For true multi-tenant isolation (multiple untrusted projects), a future architecture could:
- Run one container per project (each with its own bind mount)
- Use Docker's `--read-only` with specific writable mounts
- Apply seccomp/AppArmor profiles to limit syscalls
### 11. Image distribution
The single-container approach enables simple distribution:
```
docker pull ghcr.io/crashlabs/storkit:latest
docker run -e ANTHROPIC_API_KEY=sk-ant-... -v /my/project:/workspace -p 3001:3001 storkit
```
This is a massive UX improvement over "install Rust, install Node, install Claude Code, clone the repo, cargo build, etc."
## Recommendation
**Proceed with implementation.** The single-container Docker approach is viable and solves the stated goals:
1. **Host isolation** — achieved via standard Docker containerization
2. **Clean install/uninstall**`docker compose up` / `docker compose down -v`
3. **Reproducible environment** — Dockerfile pins all versions
4. **Distributable product**`docker pull` for new users
5. **Resource limits**`deploy.resources.limits` in compose
### Follow-up stories to create:
1. **Story: Implement Docker container build and CI** — Set up automated image builds, push to registry, test that the image works end-to-end with a sample project.
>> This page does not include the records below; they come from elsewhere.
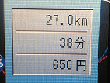 「行き」は、画像左の650円を払って約30分(内、高速道路10分:19.6km)走った「27km」。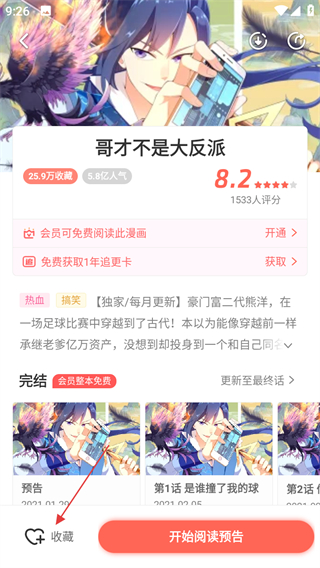 4、在哥才不是大反派詳情頁面,可點擊收藏將其加入收藏。
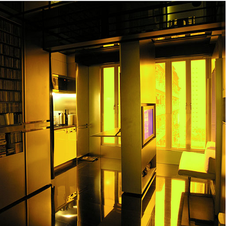 Κινούμενοι τοίχοι σε ράγες στην οροφή δίνουν τη δυνατότητα να φτιάξει κανείς πάνω από 20 διαρρυθμίσεις. Ενιαία κουζίνα, ιδιαίτερο υπνοδωμάτιο, ακόμα και οικιακό κινηματογράφο. Οι τοίχοι περιέχουν ή φέρουν συσκευές και χώρους (τηλεόραση, κουζίνα, ντουλάπες κ.ά.).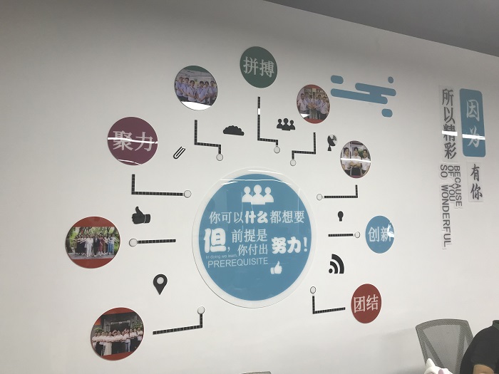 这一周,历时许久的公司文化墙,终于在#REF!钟总个思想指导下,在设计在辛苦做图下,做好了,并且把她安装好在墙上。公司文化墙,是公司文化的重要组成部分,把公司文化内容,做成文化墙的方式,实时展示出来,有利于公司文化的践行。
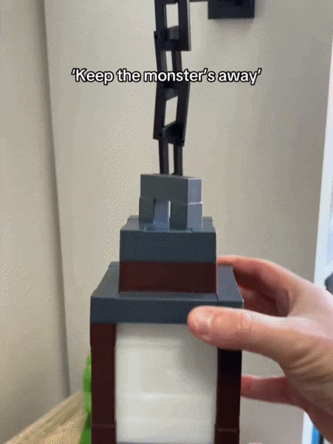 The lantern is designed with a foldable mechanism that mimics a wall torch. It has mounting slots that allow you to easily hang it on a nail, hook, or adhesive strip on your wall, or you can fold it up to sit flat on a table.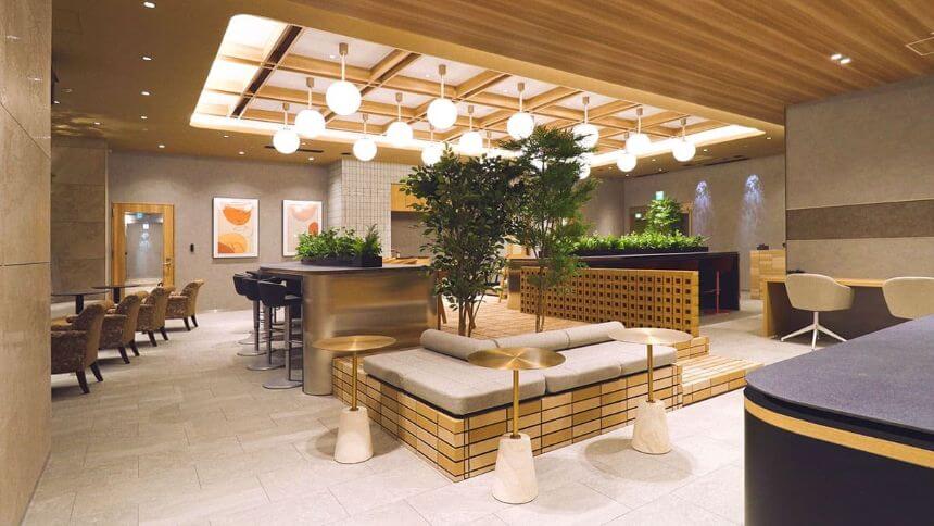 五感で自然を感じることができるバイオフィリックスデザインのラウンジが利用できます。個人作業ができるカウンター席と歓談や打ち合わせにも使えるテーブル席があり、コンセントも多く設置されています。個室会員であれば、いつでも利用可能です。

2. **Story: Target directory optimization** — Move `target/` to a named volume to avoid bind mount I/O overhead for cargo builds. Benchmark the improvement.
3. **Story: Git identity in container** — Configure git user.name/email inside the container (from env vars or mounted .gitconfig).
4. **Story: Per-project container isolation** — For multi-tenant deployments, run one storkit container per project with tighter security (read-only root, seccomp, no-new-privileges).
5. **Story: Health endpoint** — Add a `/health` HTTP endpoint to the storkit server for the Docker healthcheck.
### Risks and open questions:
- **Image size (~3-4 GB):** Acceptable for a dev tool but worth optimizing later. The Rust toolchain dominates.
- **Rust toolchain at runtime:** Required for rebuild_and_restart and agent cargo commands. Cannot be eliminated without changing the architecture.
- **Claude Code CLI updates:** The CLI version is pinned at image build time. Users need to rebuild the image to get updates. Could use a volume mount for the npm global dir to allow in-place updates.